I feel like I’ve been a fan of Kacey Musgraves since I saw her perform “Follow Your Arrow” at the 2014 Grammys. In the 10 years since, she’s evolved and grown up with her music. You can still hear some of her John Prine-like singer-songwriter folk roots on Deeper Well, but she also mixes in soft rock and pop, and draws from all sorts of sounds – from ukeleles to flutes to violins to steel guitars. The songs are politically aware and clear-eyed, and Musgraves is revealing and down-to-earth. The opening track, “Cardinal” might be the catchiest and my personal favorite, while “The Architect” is perhaps the most powerful. Ultimately, this is an album where you can feel Musgraves grappling with being in her mid-30s and taking stock of what’s important to her.

— Mitchell Northam

Mk.gee was a new discovery for me in 2024 and this album became an immediate addiction that is probably not getting enough credit. Entirely self-produced at home, I’d trust this guy to soundtrack any emotion I’m experiencing in my life if my life were a movie or TV Show.

— Kalbrosky

Our new pop princess came in to save the summer (and fall and winter) with her unbelievably catchy “Espresso” and then followed it up with a somehow even catchier “Please, Please, Please.” Her Short n’ Sweet album is exactly that — it only runs 36 minutes — but it’s wall-to-wall bangers to make it her breakout. Carpenter knows exactly who she is and she is so refreshing. Short n’ Sweet is funny and clever and heartbreaking and wonderful. Any time you can get a twangy bop like “Slim Pickins” and something like “Taste” on the same album, it’s a massive win.

— Darney

There was so much beef in hip-hop this year, and this is the album that started it all.

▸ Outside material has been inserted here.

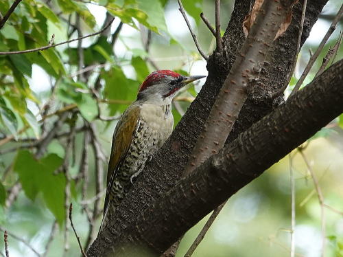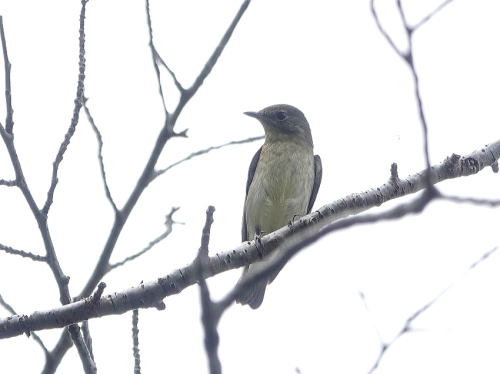 | アオゲラ[9月26日] 飛んで来て止まったのはアオゲラでした。鳴かないので気が付きません。 | エゾビタキ[9月25日] 居たよと教えて頂きました。シジュウカラの群れに居ました。 | |

Future and Metro Boomin’s We Don’t Trust You is arguably the most pivotal album of the year.

— Sykes

This is yet another great album by Vampire Weekend, who came onto the scene in 2008, and have released exclusively good music since then even as the world keeps changing around them. I saw them perform this album at Madison Square Garden, and it was a highlight of my year. Ezra Koening is such a delightful frontman of what is perhaps the best American rock band of this century.